My findings are: 1. the smart proxies take to much to respond when under heavier load (10s seconds) which causes the dynflow actions on main satellite to keep the workers for more time, than needed. 2. the reason why the proxy responds take so long seems to be the storage (sqlite in a file). 3. Switching the sqlite to use the in-memory storage helped a lot: # in /etc/smart_proxy_dynflow_core/settings.yml on capsules set: :database: "" intead of `:database: var/lib/foreman-proxy/dynflow/dynflow.sqlite` and restart the dynflow executor on capsule: service smart_proxy_dynflow_core restart On the proxy I've observed, this lead to increased response times from 10s secodns to 0.1 seconds, and should make the overall progress much faster.

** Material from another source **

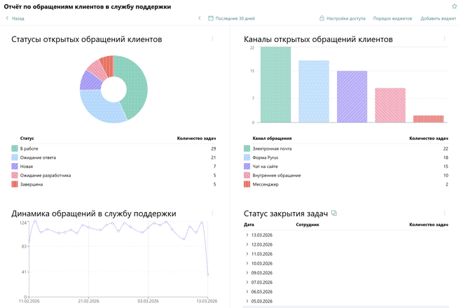 | IV. Публикация и настройка доступа | Настройте расположение виджета и права доступа к отчёту (для раздела Отчёты). |
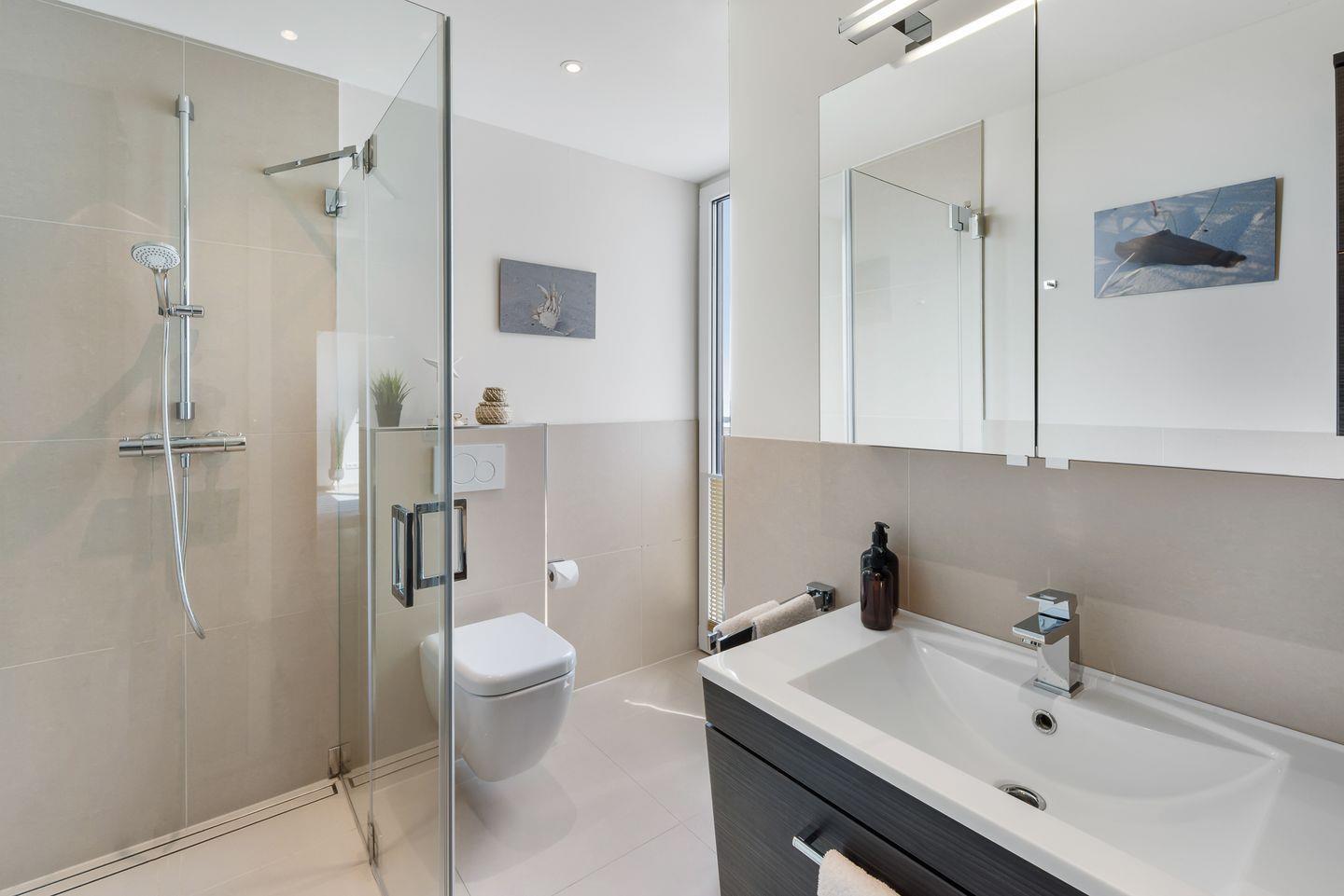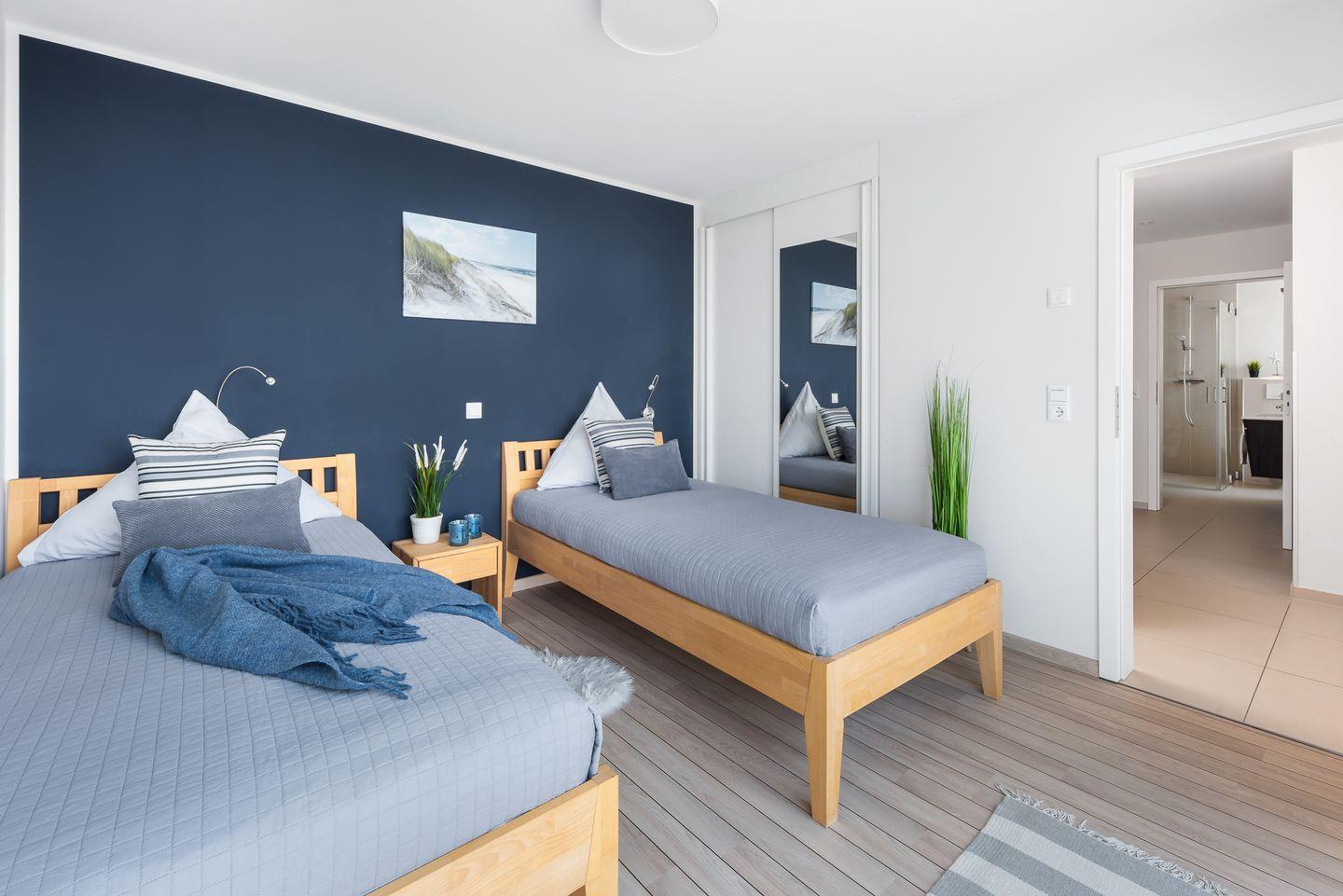 Auf 4 Zimmern und großzügig angelegten Wohnbereichen finden bis zu sechs Gäste Platz. Drei separate Schlafzimmer sorgen für angenehme Rückzugsorte, während zwei voll ausgestattete Badezimmer (mit Dusche und Eckbadewanne) sowohl Komfort als auch Funktionalität bieten. Die Fußbodenheizung in allen Räumen sorgt das ganze Jahr über für angenehme Temperaturen – auch an kühleren Tagen.

This should also influence the responsiveness on finished tasks.
Ivan, what are next steps then? Is changing to in-memory something we can do in the product w/o loss of functionality? Or, do we need this storage to give us the appropriate level of resiliency?
Rex is running like rocket after Switching the sqlite to use the in-memory storage. smart proxies are responding very fast now. I haven't increased dynflow workers to 10. Running with defualt (5)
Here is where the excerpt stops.